We drove back to Perth in one and half days, stopping only to refuel, eat, go to the toilet and watch ourselves on TV (explanation to come) in front of some bemused truckers in some godforsaken Nullabor roadhouse.
Perth was crap. The Rockets had usurped us at the Broome, The Mannikins were the darlings of the underground, there was a plethora of hideous clubs like Blazes, Adrians, The Perth Underground, but nowhere for us! The scene had been taken over by trendies and skinheads. Everything had turned ugly.
We decided to go three piece with just Ian, James and I. Our dedicated followers often remarked that this was a very good move. Our sound cleaned up no end and got a bit tougher with it. Any positive moves were a bit late though. We struggled to even find a gig. One booker even laughed at us when we told him we’d been on TV. “Pull the other one,” he said.

We entered a songwriting competition held by one of the University radio stations. The prize was free recording time. The judges actually acknowledged that we were the best entry and that technically we won the competition but they decided to award the prize to The Triffids because we already had studio time booked. I ask you. How typical is that? This could only happen to the Scientists!
Anyway, all was not bad. We did have financial backing from three devotees, Kim Williams, Rob Samson and Clint Walker (an artist not the writer…or the actor) to go to a place called Shelter Studio and record what became known as the Pink Album.
After doing so, we decided we’d had enough. The mixing of the Pink album was left in the hands of jingle writer and producer Peter Simpson.
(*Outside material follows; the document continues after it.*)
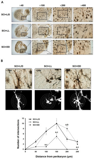 Golgi-cox stained sections of spinal cord from the rats subjected to controlled light/dark cycle. (A) Experimental animals were kept in controlled light/dark cycle; L/D, LL, and DD. A total of 3 days after SCI surgery, histological differences in the injured spinal segment were investigated. Magnification = ×4, ×100, ×200, ×400; Scale bar = 500 μm (×40, ×100), 200 μm (×200, ×400). (B) Neurite outgrowth of the neurons in Golgi-stained spinal sections was quantified using Sholl analysis method. The Sholl rings are separated by 10 μm. The data were expressed as mean ± SD. L/D, 12/12-h light/dark; LL, 24-h constant light; DD, 24-h constant dark. a p < 0.05 vs. L/D; b p < 0.05 vs. LL; Magnification = ×1000; Scale bar = 100 μm.
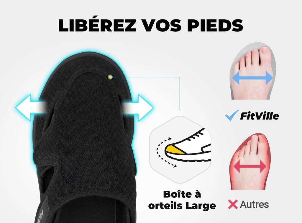 - Large boîte à orteils et protection des orteils : Idéale pour les pieds diabétiques et enflés, les oignons, l'arthrite et les orteils en marteau.

Perhaps we should have stuck around but we were just too tired.
As a teenager I used to tell fellow high school students, just to annoy them, that I would appear on the nation’s main pop show “Countdown”. Australians don’t like people to get ideas above their station and that feeling is ingrained early.
I shall end these notes saying that we got to appear on “Countdown” on the very last day of our second Eastern States eight-week stint. And just as we were leaving THEY PAID US!